* **The data**:
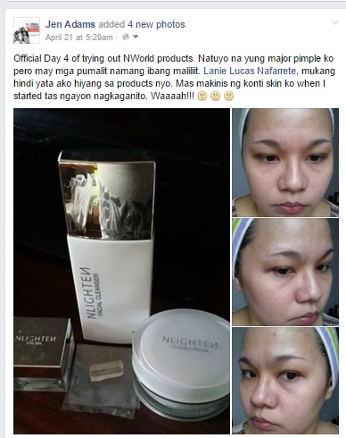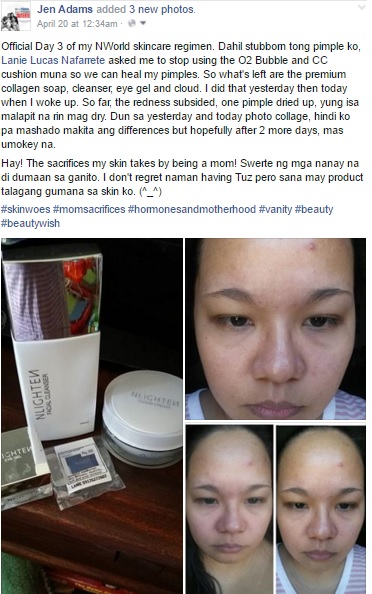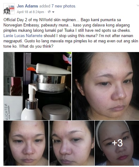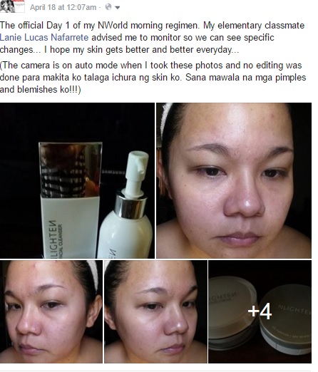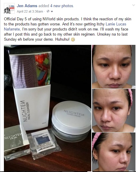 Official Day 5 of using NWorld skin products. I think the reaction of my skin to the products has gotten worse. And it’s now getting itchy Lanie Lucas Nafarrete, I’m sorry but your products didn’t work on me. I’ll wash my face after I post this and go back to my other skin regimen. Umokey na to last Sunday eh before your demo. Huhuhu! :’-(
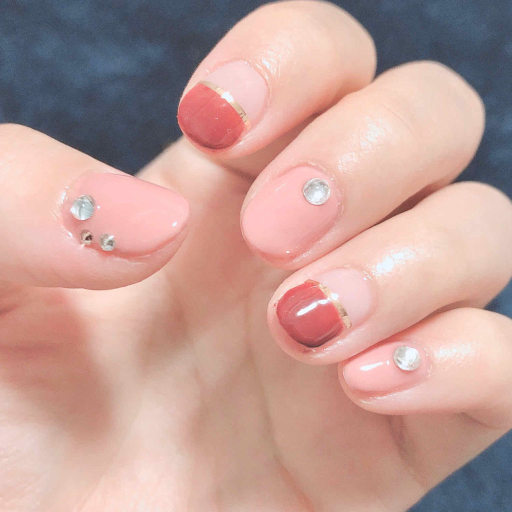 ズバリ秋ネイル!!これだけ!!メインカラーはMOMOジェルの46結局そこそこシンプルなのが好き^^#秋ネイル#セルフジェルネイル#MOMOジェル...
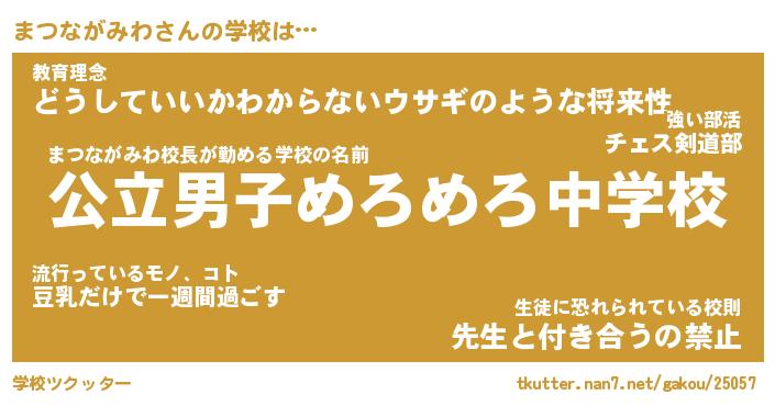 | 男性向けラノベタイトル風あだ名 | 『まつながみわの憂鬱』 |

* **How to complete this task**: Write the material out again word for word and omit any images.

* **Reply to the exercise**:
 Official Day 5 of using NWorld skin products. I think the reaction of my skin to the products has gotten worse. And it’s now getting itchy Lanie Lucas Nafarrete, I’m sorry but your products didn’t work on me. I’ll wash my face after I post this and go back to my other skin regimen. Umokey na to last Sunday eh before your demo. Huhuhu! :’-(
 ズバリ秋ネイル!!これだけ!!メインカラーはMOMOジェルの46結局そこそこシンプルなのが好き^^#秋ネイル#セルフジェルネイル#MOMOジェル...
 | 男性向けラノベタイトル風あだ名 | 『まつながみわの憂鬱』 |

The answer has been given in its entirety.